Python API Reference#

Core Application#

The main chatbot and user interface functionality.

Key Functions#

The core application provides functions for:

Configuring retrievers for document search
Handling user input and responses
Setting up the Streamlit interface

Streamlit chatbot interface for the Euclid AI Assistant. Uses an existing FAISS vector store and E5 embeddings for retrieval.

euclid.rag.chatbot.configure_retriever(config: dict, index_dir: str) → VectorStoreRetriever#

Build and cache a FAISS-based retriever for Euclid knowledge sources.

Parameters:

config (dict) – Embedding model configuration.
index_dir (str) – Path to the directory containing the FAISS index.

Returns:

Configured Retriever with search_type="similarity" and k=6.

Return type:

VectorStoreRetriever

Raises:

RuntimeError – If the FAISS index cannot be found or loaded.
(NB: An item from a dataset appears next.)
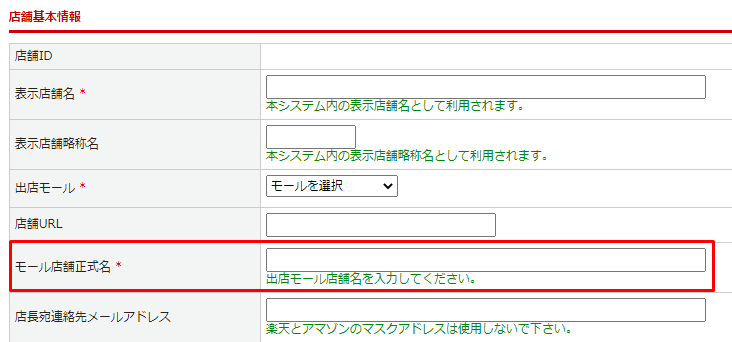 受注取込を利用の際は、環境設定>店舗設定>「店舗情報」タブ の「モール店舗正式名」に取込元の店舗名を正しく登録する必要があります。
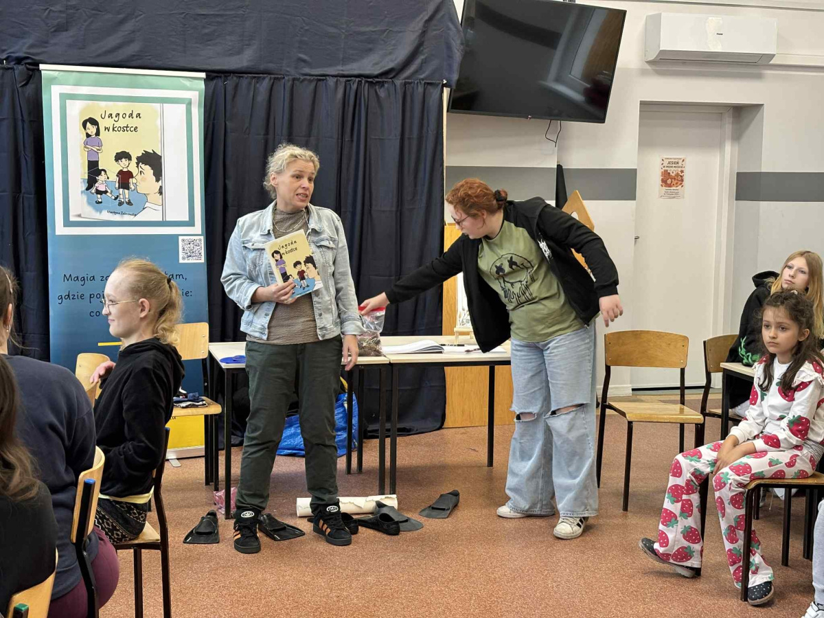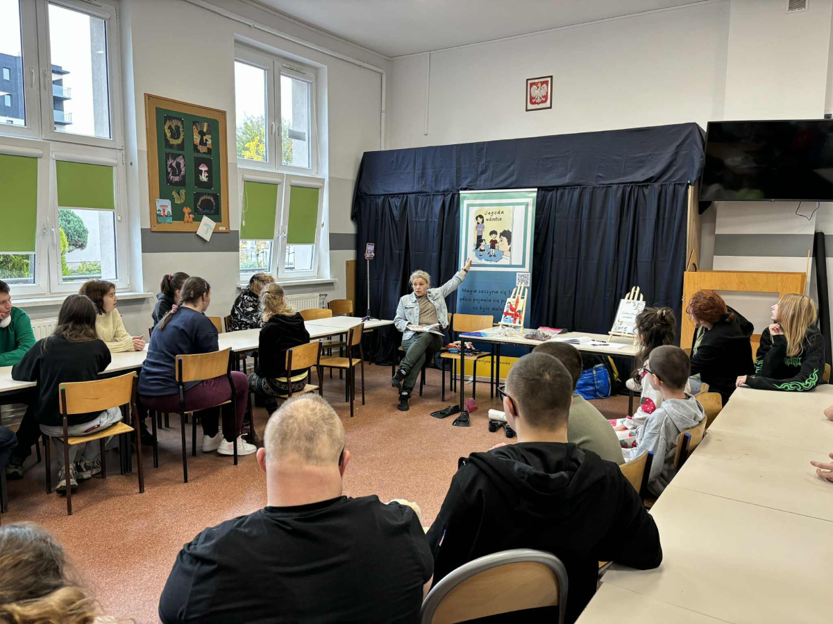 Podczas spotkania usłyszeliśmy fragmenty książki i dowiedzieliśmy się jak różni są ludzie oraz jak istotne są różnice między nami. W części warsztatowej dzieci miały okazję sprawdzić jak to jest, kiedy mamy trudności z chodzeniem, ze wzrokiem czy motoryką małą. Jak różnie odczuwamy otaczający nas świat i odbieramy bodźce zewnętrzne. Wszyscy jesteśmy różni i to jest w nas najpiękniejsze!

euclid.rag.chatbot.create_euclid_router(config: dict) → Callable[[dict, list[BaseCallbackHandler] | None], dict]#: Return Euclid-AI that always delegates to at least one sub-agent.

euclid.rag.chatbot.handle_user_input(router: Callable[[dict, list[BaseCallbackHandler] | None], dict], msgs: StreamlitChatMessageHistory) → None#

Display chat history and handle new user input in Streamlit.

Parameters:

router (Callable) – Callable that routs to correct tools for the response.
msgs (StreamlitChatMessageHistory) – Chat history object for managing messages.

euclid.rag.chatbot.submit_text() → None#: Flag that the user pressed <enter> in the chat box (Streamlit callback).

Set up the sidebar, landing page, and header/footer for a Streamlit app that interacts with the chatbot.

euclid.rag.layout.setup_header_and_footer(msgs: StreamlitChatMessageHistory) → None#: Set up the header and footer for the Streamlit app.

euclid.rag.layout.setup_landing_page() → None#: Set up the landing page for the Streamlit app.

euclid.rag.layout.setup_sidebar() → None#: Set up the sidebar for the Streamlit app.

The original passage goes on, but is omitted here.